= Allan Watt =

Scottish sprinter (1921–2014)

Allan Watt (22 June 1921 – 7 May 2014) was a Scottish sprinter who represented Scotland and Great Britain in international competition.

==Athletics career==
===Junior===
Watt was born on 22 June 1921. In 1939, Watt won the AAA Junior Championships 100 yards in 10 seconds (record) and the long jump with a distance of 6.78 metres at the White City Stadium in London. He also won the 100 yards and the long jump at the 1939 Scottish junior championships. At the 1940 Scottish junior championships he won the 100 yards, 220 yards and the long jump.

===War service===
In 1941 he joined the British Army, serving with the Royal Army Ordnance Corps. Watt gained a commission with the Royal Artillery (Field), attaining the rank of staff captain. At the end of the war he was working in welfare and education in Kenya. Following his demobilisation in 1946, he returned to training for his athletics career.

===Senior===
At the British Games at White City in 1947 he was second to the American, Eddy Connell, in the 100 yards. Connell set a new record of 9.6 seconds, with Watt running 9.85 seconds. In June 1947 at the Scottish Athletics Championships at Hampden Park, he won the 100 yards in 10 seconds and the 220 yards in 22.5 seconds. Watt was a member of the Shettleston Harriers running club in Glasgow.

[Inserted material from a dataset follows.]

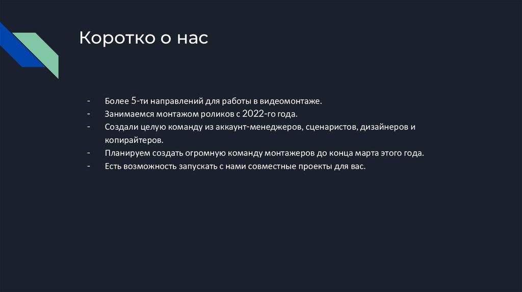 Планируем создать огромную команду монтажеров до конца марта этого года.

Later that year he competed at Meadowbank Stadium in Edinburgh in an England/Wales and Scotland/Ireland competition. He was second to McDonald Bailey in the 100 yards and fourth in the 220 yards. Watt was selected for Great Britain at a meet in Antwerp, finishing second to McDonald Bailey in the 100 metres and second to Britain's John Fairgrieve in the 200 metres.

In 1948 he won the 100 yards at the Scottish Championships, and was second to D. D. MacKenzie in the 220 yards. Watt was runner-up in the 100 metres at the International Match in White City representing Scotland, and also ran at the British Championships. That summer he was a member of the Great Britain 4 × 400 metres relay team at the 1948 Summer Olympics.

==Businessman==
Following his retirement from athletics he became a director of the family department store, Watt Brothers, on Sauchiehall Street in Glasgow.

==Death==
Watt died on 7 May 2014, at the age of 92.